*** Opening MATERIALS PROVIDED ***
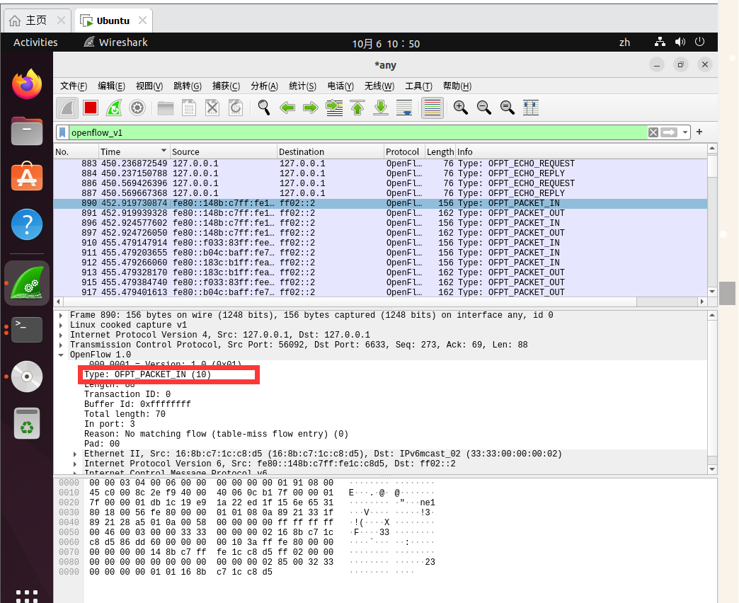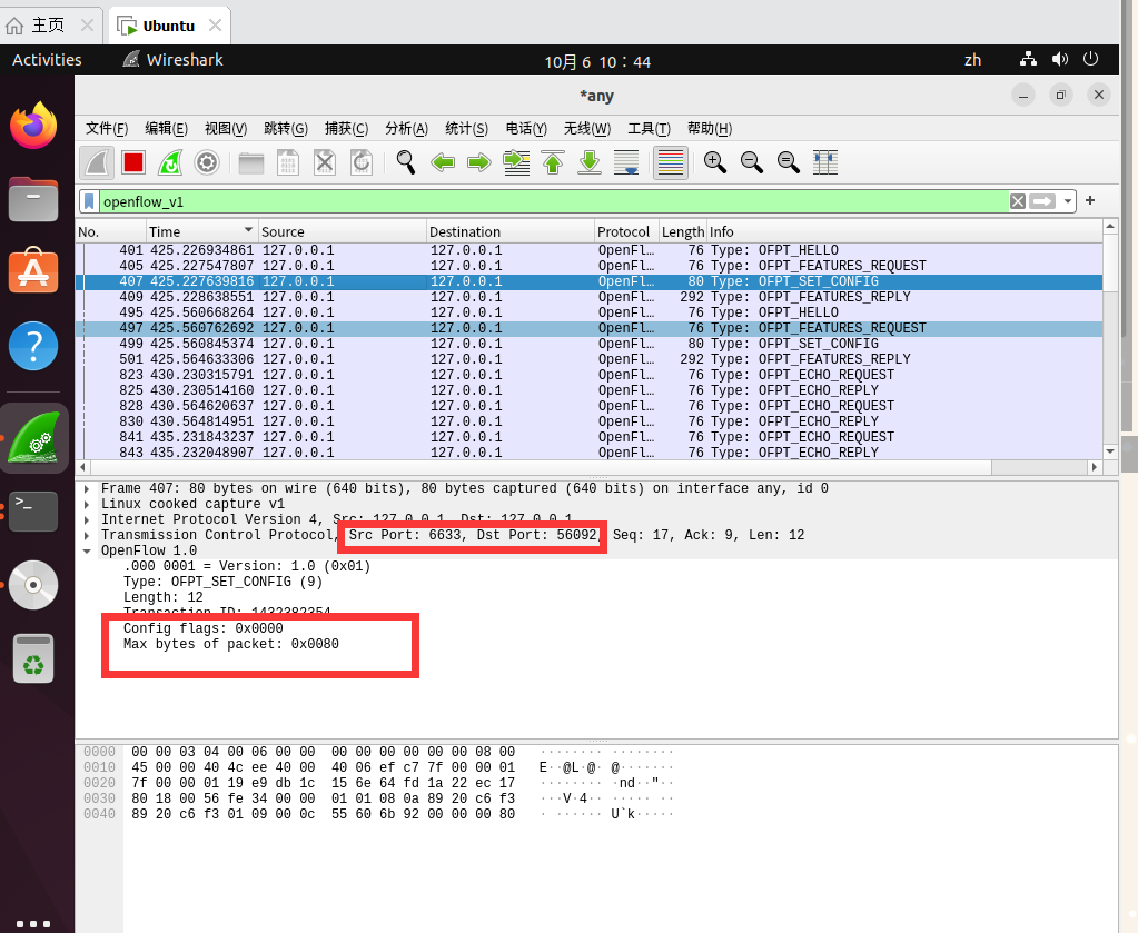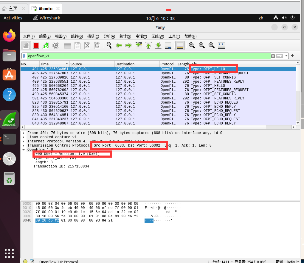 将抓包基础要求第2步的抓包结果对照OpenFlow源码,了解OpenFlow主要消息类型对应的数据结构定义。
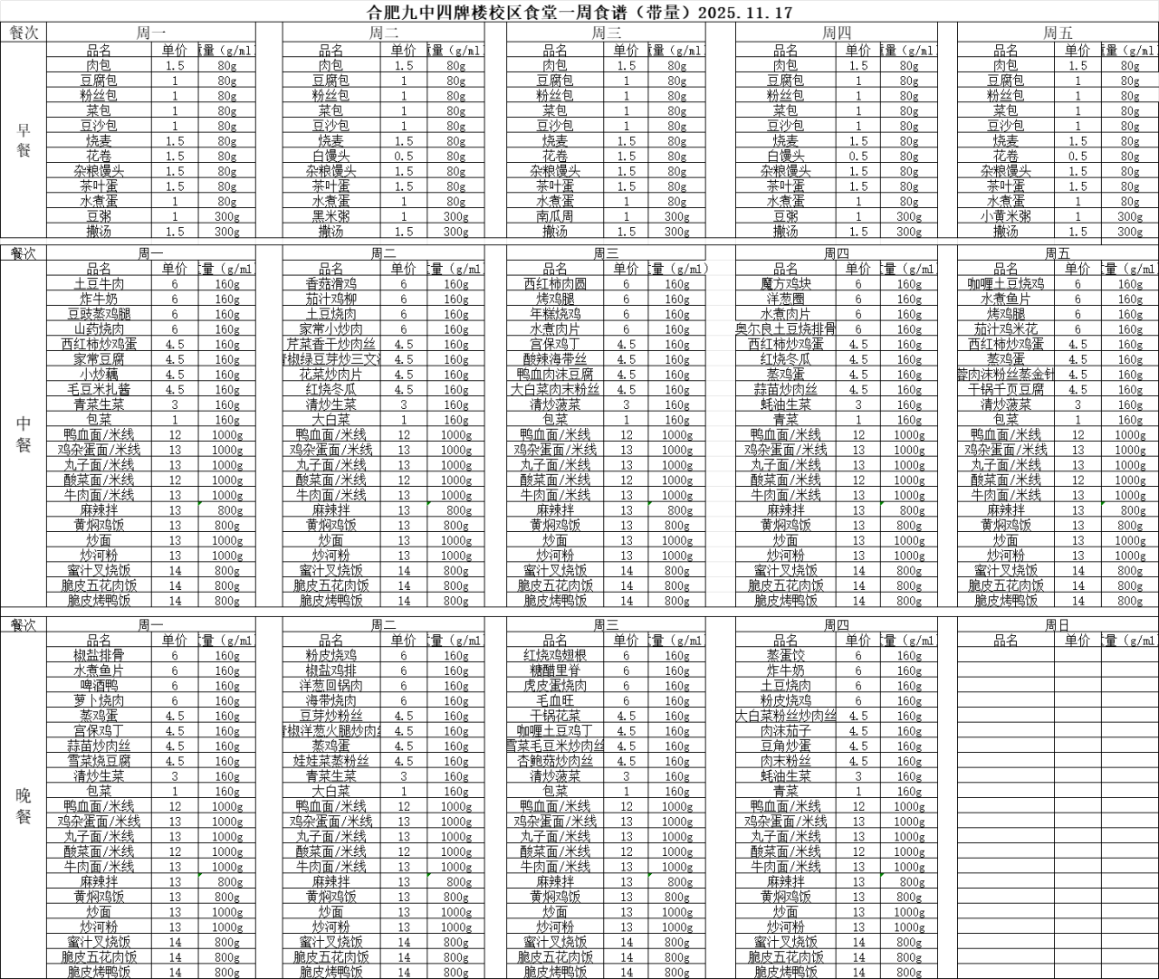 合肥九中“你呼我应”渠道及一周食谱(带量)11.17—11.21
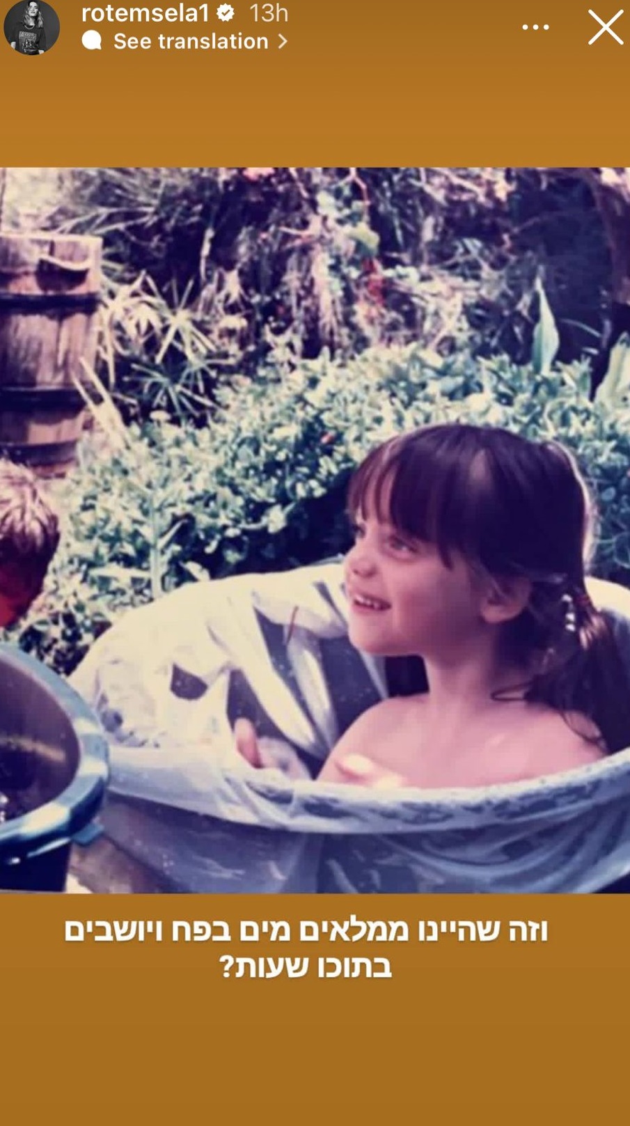 סלע העלתה תמונה נוסטלגית נוספת, כפי הנראה מגיל צעיר יותר, ובה היא מתועדת בעודה יושבת בתוך פח בחצר. "היינו ממלאים מים בפח ויושבים בתוכו שעות", הוסיפה סלע הסבר לתמונה. אנחנו הפכנו לשלולית רק מהחיוך המתוק שלה ומהפוני המשגע.
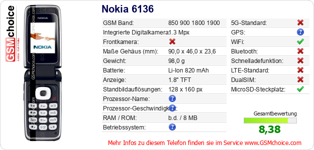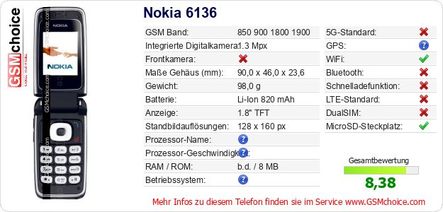 Hast du eigene Webseite? Willst du die Informationen über Standarddaten des Handys Nokia 6136 irgendwo veröffentlichen? Das ist sehr einfach. Du kannst das Bild herunterladen oder kopieren und auf der Webseite folgenden Code hinzufügen:Das Einfügen von diesem Code verursacht das Anzeigen von dem folgenden Bild:
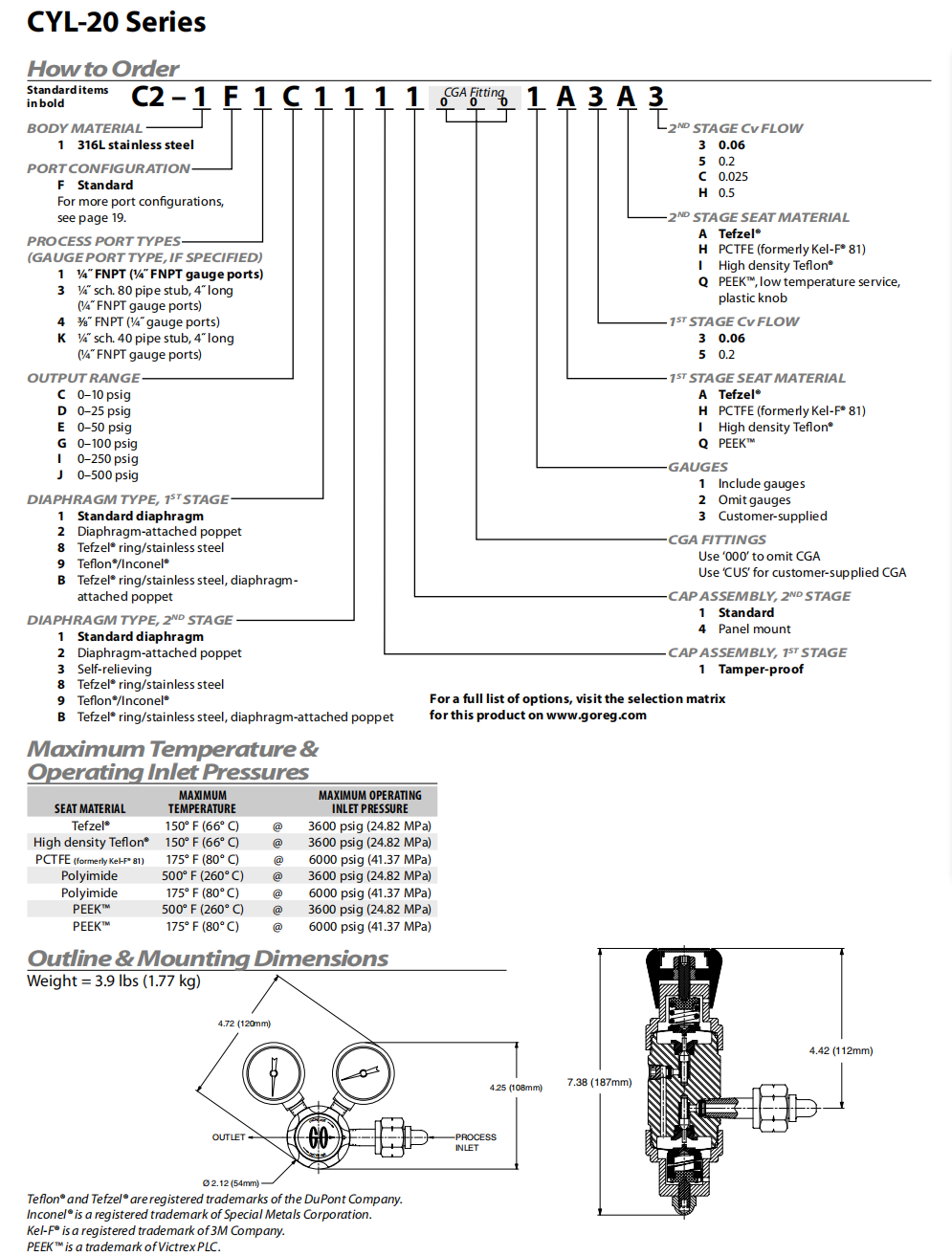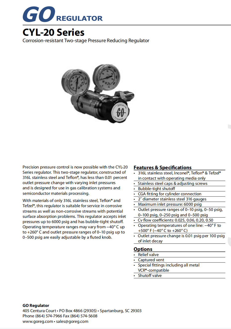 GO CYL-20 C2雙級減壓閥
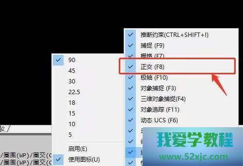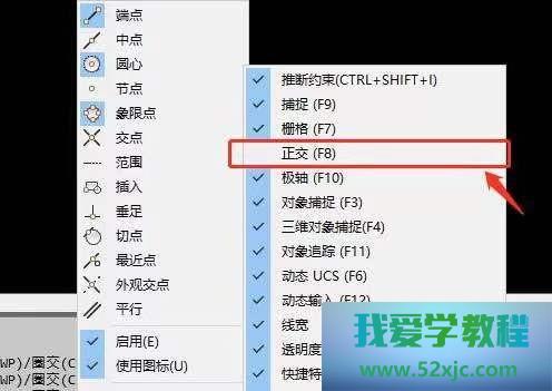进入CAD,鼠标右键点击下方其他性能的图标,右击对象搜捕,跳出页面,遴选显示。
*** Closing MATERIALS PROVIDED ***
Give again, word for word, the lines above from the first one through the one containing "סלע העלתה תמונה"; no pictures.

-- RESPONSE TO THE EXERCISE --
 将抓包基础要求第2步的抓包结果对照OpenFlow源码,了解OpenFlow主要消息类型对应的数据结构定义。
 合肥九中“你呼我应”渠道及一周食谱(带量)11.17—11.21
 סלע העלתה תמונה נוסטלגית נוספת, כפי הנראה מגיל צעיר יותר, ובה היא מתועדת בעודה יושבת בתוך פח בחצר. "היינו ממלאים מים בפח ויושבים בתוכו שעות", הוסיפה סלע הסבר לתמונה. אנחנו הפכנו לשלולית רק מהחיוך המתוק שלה ומהפוני המשגע.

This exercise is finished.